# Guest house Derp.... 2011



## MD (Dec 30, 2011)

Guest House Derp is open all year round to all travellers and explorers..
reasonable rates comfy bedrooms etc etc 




hotel by M D Allen, on Flickr

sea views where the garden used to be 




rear by M D Allen, on Flickr


lighthouse in the front garden(won't keep you awake at night)




front by M D Allen, on Flickr

living room need a tidy up 




living by M D Allen, on Flickr

TV room ( tv has been stolen)




tv-room by M D Allen, on Flickr

spacious bedrooms (if your anorexic)




single-room by M D Allen, on Flickr

postcards from travelling fellow explorers




postcards by M D Allen, on Flickr

rear bedroom comes complete with gun for fighting off pirates( land or sea based) 




gun by M D Allen, on Flickr

relax in the "short" garden




sashbox by M D Allen, on Flickr

my Guest house brings all the sploorers to the yard 




yard by M D Allen, on Flickr

we hope you enjoy your stay....


----------



## Black Shuck (Dec 30, 2011)

Nice work MD, loving this and know exactly where it is!!


----------



## TeeJF (Dec 30, 2011)

I've stayed in worse near Paddington Station!


----------



## Black Shuck (Dec 30, 2011)

I'd imagine you have TeeJ. This place was abandoned due to the cliff eroding away if I'm right!... there is ome metre from the rear garage and then a 60 foot drop down to the beach


----------



## TeeJF (Dec 30, 2011)

How strange that they have left so much behind!


----------



## UrbanX (Dec 30, 2011)

Nice one bud, proper old school!


----------



## Black Shuck (Dec 30, 2011)

TeeJF said:


> How strange that they have left so much behind!

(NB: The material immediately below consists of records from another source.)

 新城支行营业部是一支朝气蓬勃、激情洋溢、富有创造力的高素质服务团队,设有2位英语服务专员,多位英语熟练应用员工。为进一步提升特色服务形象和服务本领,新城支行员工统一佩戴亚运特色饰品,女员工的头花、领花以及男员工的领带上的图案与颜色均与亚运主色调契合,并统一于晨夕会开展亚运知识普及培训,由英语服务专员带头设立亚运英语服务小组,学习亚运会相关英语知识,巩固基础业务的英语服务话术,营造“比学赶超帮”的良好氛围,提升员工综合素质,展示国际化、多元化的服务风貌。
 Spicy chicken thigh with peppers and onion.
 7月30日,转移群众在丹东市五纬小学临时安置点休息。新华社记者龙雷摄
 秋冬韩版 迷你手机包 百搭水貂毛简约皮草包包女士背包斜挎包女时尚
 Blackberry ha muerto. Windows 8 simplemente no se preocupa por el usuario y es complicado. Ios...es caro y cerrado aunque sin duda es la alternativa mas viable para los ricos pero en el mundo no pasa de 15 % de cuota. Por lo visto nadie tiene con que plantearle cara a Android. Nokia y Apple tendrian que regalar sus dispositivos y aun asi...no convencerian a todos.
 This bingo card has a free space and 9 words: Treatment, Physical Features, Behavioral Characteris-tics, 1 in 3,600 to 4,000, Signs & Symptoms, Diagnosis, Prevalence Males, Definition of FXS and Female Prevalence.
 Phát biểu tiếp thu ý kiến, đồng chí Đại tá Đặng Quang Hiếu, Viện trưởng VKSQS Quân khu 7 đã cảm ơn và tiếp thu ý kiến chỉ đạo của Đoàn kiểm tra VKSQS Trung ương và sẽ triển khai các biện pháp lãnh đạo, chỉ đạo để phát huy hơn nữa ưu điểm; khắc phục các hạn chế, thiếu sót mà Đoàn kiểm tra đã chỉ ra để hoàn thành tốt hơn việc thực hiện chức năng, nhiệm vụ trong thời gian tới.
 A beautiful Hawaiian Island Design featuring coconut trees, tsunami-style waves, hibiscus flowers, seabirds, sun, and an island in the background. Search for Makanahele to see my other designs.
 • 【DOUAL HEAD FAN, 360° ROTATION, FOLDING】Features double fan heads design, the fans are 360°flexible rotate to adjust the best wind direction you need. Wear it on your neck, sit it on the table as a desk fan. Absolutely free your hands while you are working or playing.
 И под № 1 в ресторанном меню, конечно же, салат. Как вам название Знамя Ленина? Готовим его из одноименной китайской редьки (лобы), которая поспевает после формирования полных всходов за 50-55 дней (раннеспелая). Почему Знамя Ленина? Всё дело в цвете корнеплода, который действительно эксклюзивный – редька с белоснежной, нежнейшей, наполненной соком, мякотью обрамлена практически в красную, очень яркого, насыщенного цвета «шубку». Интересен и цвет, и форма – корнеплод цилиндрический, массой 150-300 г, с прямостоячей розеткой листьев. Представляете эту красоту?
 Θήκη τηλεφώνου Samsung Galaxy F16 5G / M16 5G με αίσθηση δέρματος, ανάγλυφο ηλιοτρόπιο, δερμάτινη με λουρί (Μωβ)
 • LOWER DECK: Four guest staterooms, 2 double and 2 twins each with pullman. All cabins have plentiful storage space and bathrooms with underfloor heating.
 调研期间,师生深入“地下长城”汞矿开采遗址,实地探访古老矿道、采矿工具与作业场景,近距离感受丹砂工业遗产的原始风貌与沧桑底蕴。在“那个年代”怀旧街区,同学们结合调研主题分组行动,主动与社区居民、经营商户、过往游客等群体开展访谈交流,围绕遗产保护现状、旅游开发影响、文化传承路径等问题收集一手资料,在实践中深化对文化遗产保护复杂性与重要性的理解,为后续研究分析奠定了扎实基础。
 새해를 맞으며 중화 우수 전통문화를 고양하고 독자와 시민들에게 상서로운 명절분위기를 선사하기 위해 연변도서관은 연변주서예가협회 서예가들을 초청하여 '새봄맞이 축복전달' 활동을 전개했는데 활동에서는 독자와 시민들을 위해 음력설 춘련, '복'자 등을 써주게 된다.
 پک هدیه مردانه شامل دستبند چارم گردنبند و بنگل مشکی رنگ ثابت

I think they didn't have a lot of choice TeeJ. Erosion in this area is terrible.


----------



## nelly (Dec 30, 2011)

I agree with TeeJ. I've paid to stay in worse!!!!

Nice stuff


----------



## urban phantom (Dec 30, 2011)

Great report il book a room next time im down if its not been washed away thanks for sharing


----------



## Goldie87 (Dec 30, 2011)

Looks a cool place mate, nice one. I think i've also stayed in worse places too!


----------



## sYnc_below (Dec 30, 2011)

Black Shuck said:


> Nice work MD, loving this and know exactly where it is!!



So do I......won't be there for too much longer either.

MD did you look further along the cliffs to the north?


----------



## Pincheck (Dec 30, 2011)

Nice mate


----------



## Black Shuck (Dec 30, 2011)

tocsin_bang said:


> So do I......won't be there for too much longer either.
> 
> MD did you look further along the cliffs to the north?



Yes look further north MD you'd be suprised.


----------



## Bad wolf (Dec 30, 2011)

Tidy one Matt, speak soon on Fb.


----------



## MD (Jan 4, 2012)

Black Shuck said:


> Yes look further north MD you'd be suprised.



wish id known while i was there !!
looks like another trip is on the cards


----------